The truck's been where it is for a long while, now. I've never been able to get to it from the Flowood side of the river. I rarely visit there. As far as I know, the east side of the river is full of dangerous cannibals, alligators the size of tractor-trailers, and ancient jungle-eaten ziggurats, temples to a fallen god.
I should head over there sometime.
I'm sure there's a story about how it got there. I'd love to find out the truth one day. If you're a reader and know the story of "the truck," use the comments and I will make an exception to my usual "no comments" rule, illegitimi non carborundum.
So, here's my story. The story of The Truck.
THE STORY OF THE TRUCK
"I'm getting too old for this shit." Barry said. The truck was bouncing on groaning axles, shooting gravel with every rhythmic push.
"You always say that. You're only 25. You're not old." John said. They were high in the air on the creosote-stained railroad trellis, the thin branches of the trees they were even with were a blur out the window.
The blur was stained red and blue, swathes of bright light that flickered like hyperkinetic lighthouses, giving the forest a neon undergrowth.
"Our love is illegal, Barry." John said as Barry kept the old truck from sliding on the loose gravel. He was struggling to keep the wheels straddling the steel rails without crashing through the flimsy wooden railing.
"But not unconstitutional! Not here! Not like in Hawaii, John!" Barry shouted. He held out his hand.
"This is a standard." John said, not taking Barry's hand.
"Well I'm not doing that Thelma and Louise shit! We're almost out of Jackson!" Barry said, putting his hand back down. The railroad trellis was looming in the moonlight. The cop that was chasing them was crazed, eyes alight behind his aviator frames, envisioning their 10 year jail sentence for their love.
The truck almost lost control, swerved as the rails rose to reach the rusting red steel stretch. Below, the Pearl flowed deep, brown water black in the night.
Behind them, Offizier Tod Buzz slammed on the brakes, his tires spat gravel. No matter how badly he wanted to burst two men for what John and Barry had done, he wasn't about to follow them out onto a death trap.
The tires hit the rails, there was a bark of rubber, a shriek of steel. The truck spun, the passenger side crumpled as it struck the huge rusted span. The whole bridge roared, then there was a moment of quiet, squealing metal.
Officer Buzz did something he rarely did. He took off his sunglasses. He pressed down the sides of his mustache. Ahead, the truck was hanging half off the bridge.
But Officer Tod Buzz was an optimist. That truck was half ON the bridge. He ran towards them. Godless sodomites or not, Buzz would be damned if they died on his watch. He ran, boots pounding the crossties, and jumped onto the rear of the groaning truck. His weight kept it from pitching forward into the river.

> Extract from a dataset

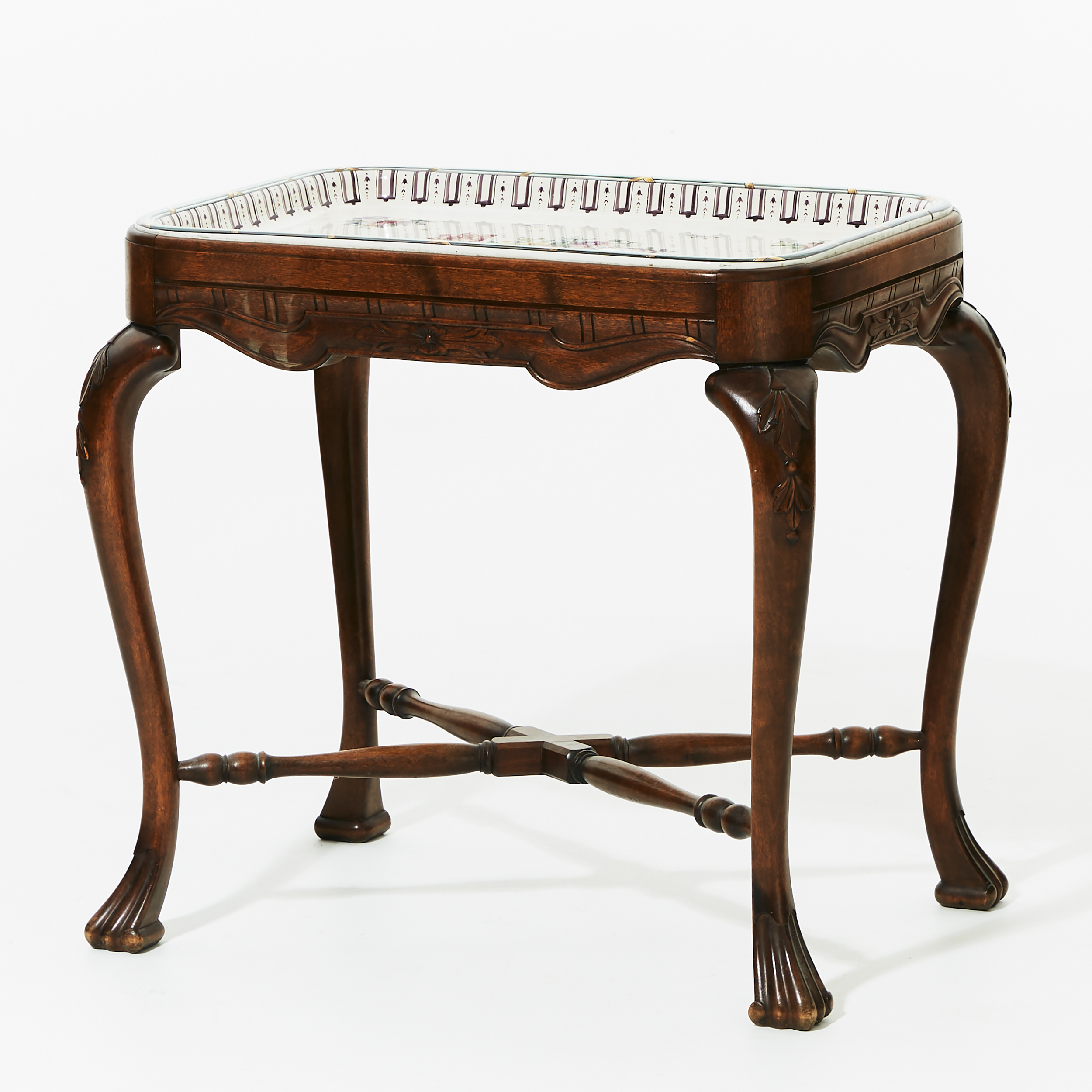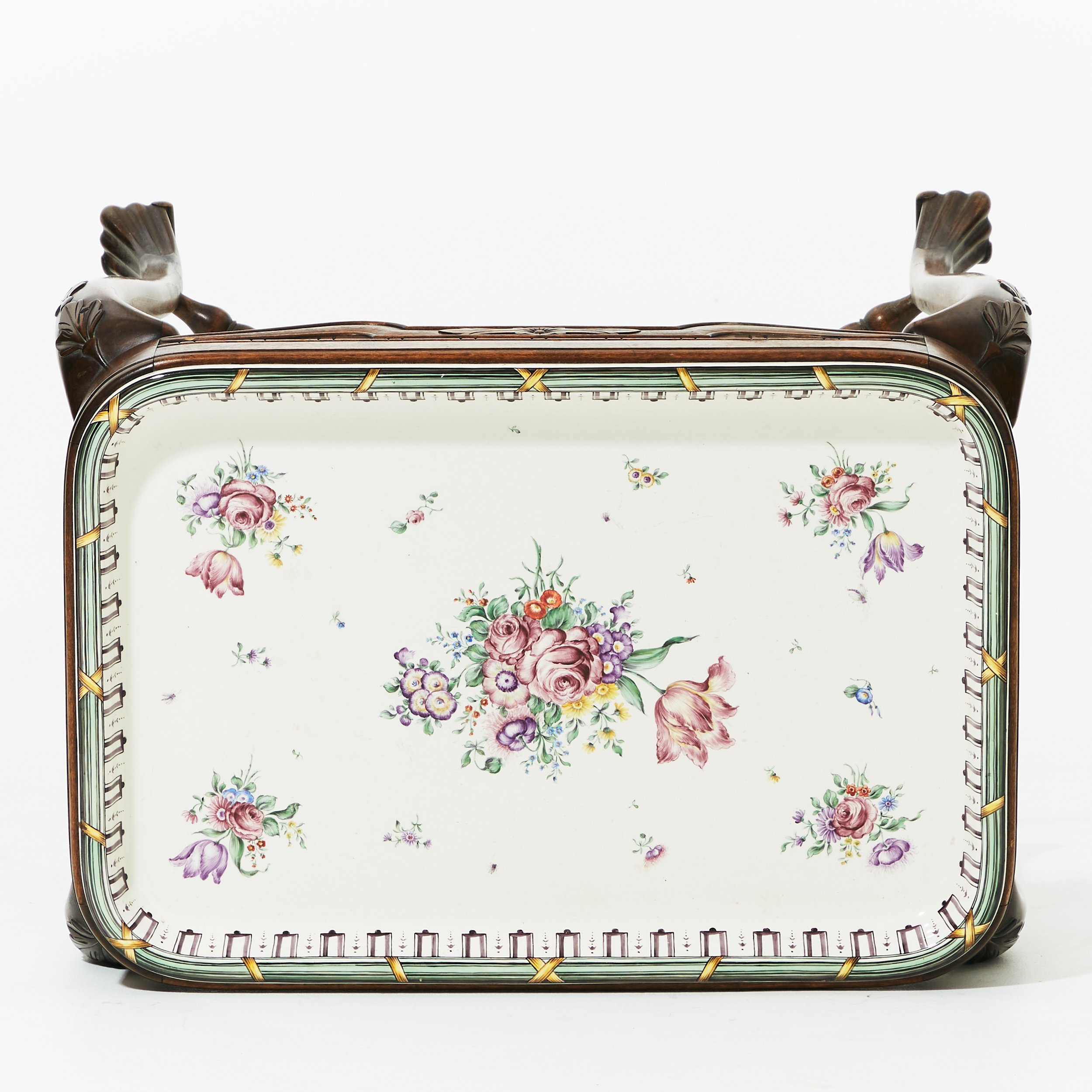 Tebord rokokostil. Skiva i flintgods märkt Rörstrand 1926 A.S. Polykromt bemålad dekor av spridda blomster. L 77, B 55, H 72 cm

"Come on!" He shouted, hand out towards John in an authoritarian parody of the grasp he had just refused his lover.
John did not refuse this one. Buzz jerked him clear, then threw open the door. Barry was there, a smudge of blood on his forehead. He was woozy, confused.
"Come with me if you want to live." Buzz said, leather-bound hand stretching towards him, reaching.
"I won't go to jail for this." Barry said, crying.
"We're in Flowood. I can't arrest you here. I may be a loose cannon, but I'm a damn fine cop."
"Fuck yeah." John said, grabbing Buzz by the belt as the truck began to slowly lurch over the edge.
There was a momentary rush of airborne cans - Old English, Busch, something called Stroh's, that had been rolling around in the seat of the car for years. The truck gave half a spin and splashed into the dark water, huge bubbles roaring up from the whorls of water as it vanished.
Buzz was hanging halfway off the bridge, Barry dangling in the air, John holding on to the policeman's belt. The three swayed for a moment, flexed, everyone pulled back before laying there on the tracks, panting.
"I'm sure we'll get that truck out of the river soon enough." Buzz said. "Now you two best get going before I have to arrest us all for too much man-love."
...and thus ends the story of the truck. Think it's ridiculous? You could point out how ridiculous this story is, and win some free trash!